With the public holidays at hand, eating out is often one of the things on the to-do list. Eating out is synonymous with a good meal and the company of your friends, family or loved ones!

... Unfortunately eating out often leads to bad food choices ending up in weight gain!

Whether it is breakfast with the family, pizza with the boys or a romantic night out, one should be equipped with the following tips to make better food choices when eating out:


Before-The-Meal Extras 

  • Avoid ordering before-the meal "extras" like cocktails, appetizers, bread and butter because these are often sources of extra fat, sodium and kilojoules. Eliminate the temptation of picking on the bread, by sending back the breadbasket.

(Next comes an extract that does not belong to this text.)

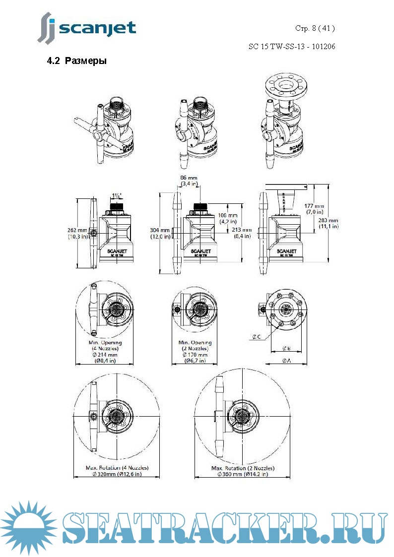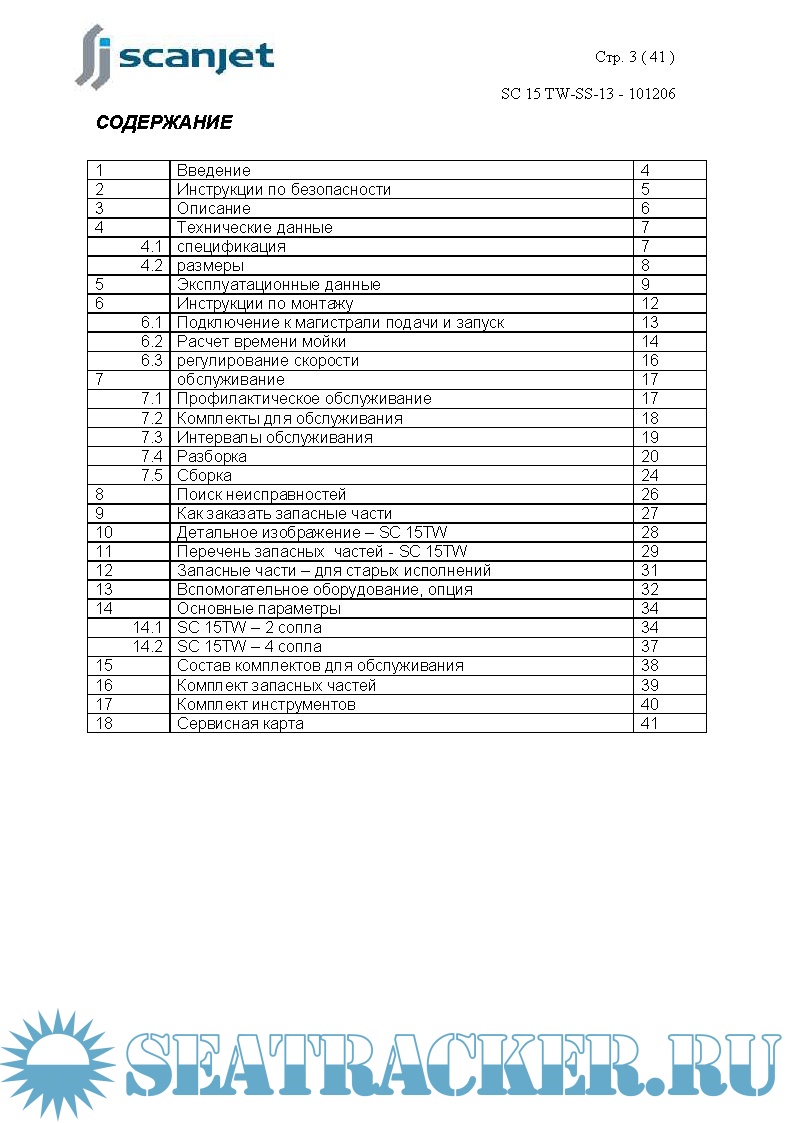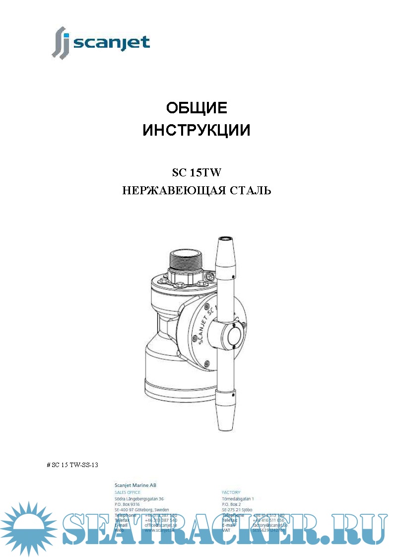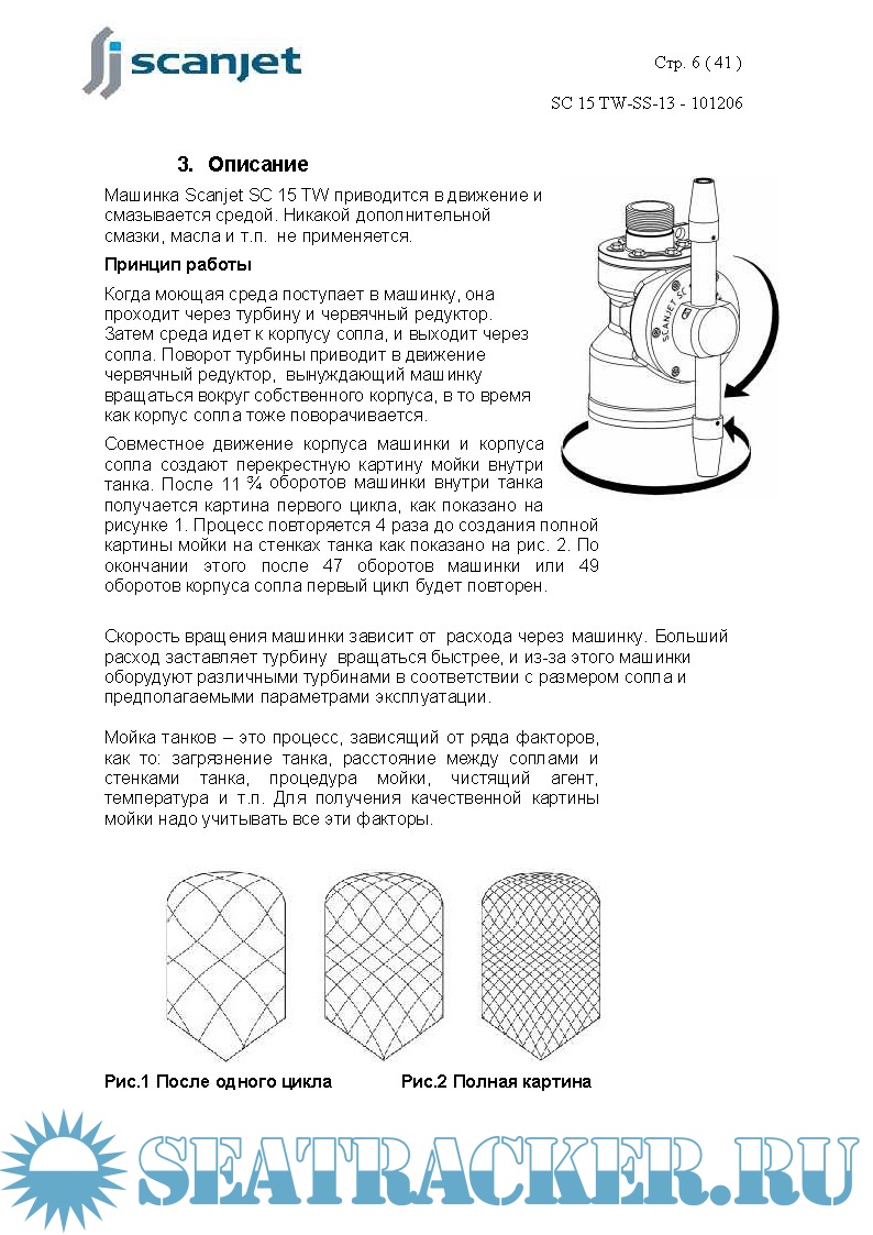 Год выпуска: 2010 Язык: русский Автор: www.scanjet.se Жанр: Инструкция Формат: PDF Качество: Изначально компьютерное (eBook) Количество страниц: 41 Описание: Машинка мойки танки SCANJET, модель SC 15TW предназначена для мойки грузовых и слоп-танков у химовозов/продуктовозов, а также других танков. Размер, конструкция и требования к мойке этих танков являются проектными данными и рассматриваются до установки машинок. Моечную машинку типа SC15 TW можно использовать как стационарную, так и как переносную. Процесс мойки начинается с открытия клапана для моющей среды. Поток воды проходит через турбину внутри машинки, и сопла будут вращаться, создавая картину мойки внутри танка. По окончании процесса мойки клапаны необходимо закрыть. Машинка SC15 TW стандартно поставляется с двумя или четырьмя соплами, размер сопла от Ø6 мм до Ø 10 мм. Данная инструкция была подготовлена для содействия персоналу, который будет эксплуатировать и обслуживать моечные машинки. Ключ для продолжительного срока службы машинки – качественное регулярное обслуживание. Машинка выполняет грубую и грязную работу для вас. Качественный уход за машинками SC15 TW продлит срок их службы.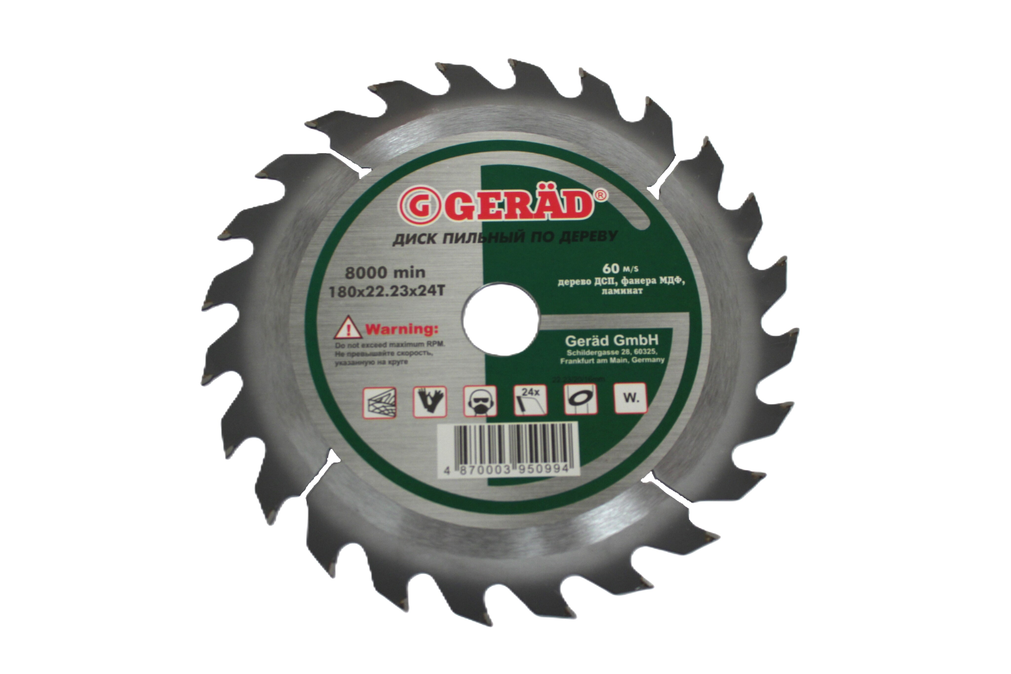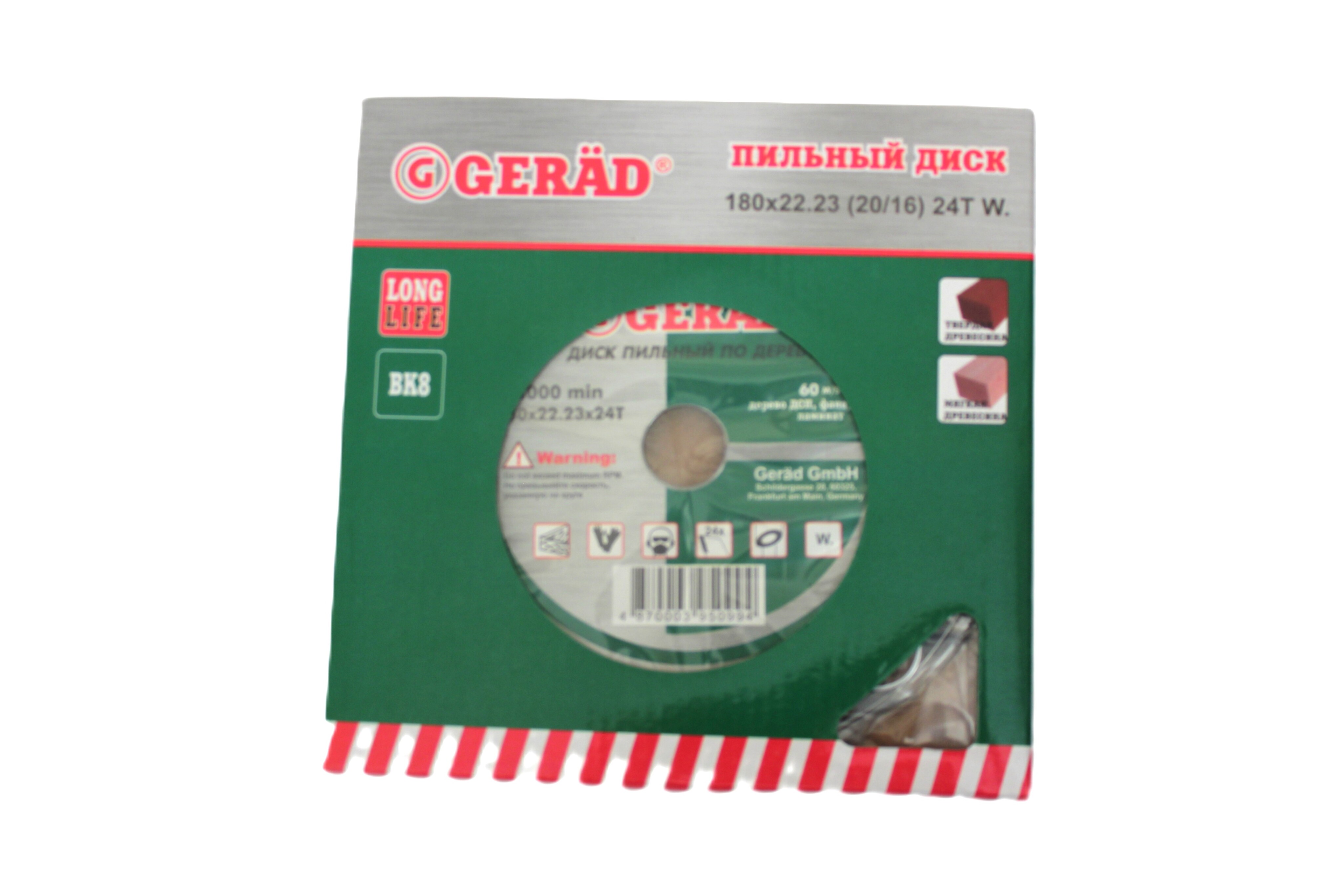 Диск пильный по дереву GERÄD 180-22,23 (20/16) T24 PM1000006 - это диск изготовленные из высокосортной стали термически закаленной, обеспечивают высокую прочность инструмента; специальная напайка из твердого сплава гарантирует долгую износоустойчивость и многократную заточку. Используются совместно с циркулярными пилами и циркулярными станками для продольных и поперечных пропилов твердой и мягкой древесины, фанеры, МДФ, ДСП, OSB. Обеспечивают ровные и чистые края обрабатываемой поверхности.

Sauces, Salads and Salad Dressings 

  • Start your meal with a salad packed with greens, to help control hunger but remember to be selective at salad bars. Choose fresh greens, raw vegetables, fresh fruits and reduced-fat, low-fat, light or fat-free dressings. Avoid cheeses, croutons, marinated salads, bacon bits, pasta salads and fruit salads with whipped cream.
  • Ask that sauces and salad dressing be served on the side, so that you can control the quantity you consume. 

Opt for Healthier Choices 

  • Instead of fried fish or chicken, rather opt for baked, boiled or grilled.
  • Inquire about healthy substitutes. For example, if a dish comes with French fries or onion rings, ask whether you can exchange it for a baked potato with vegetables or steamed rice.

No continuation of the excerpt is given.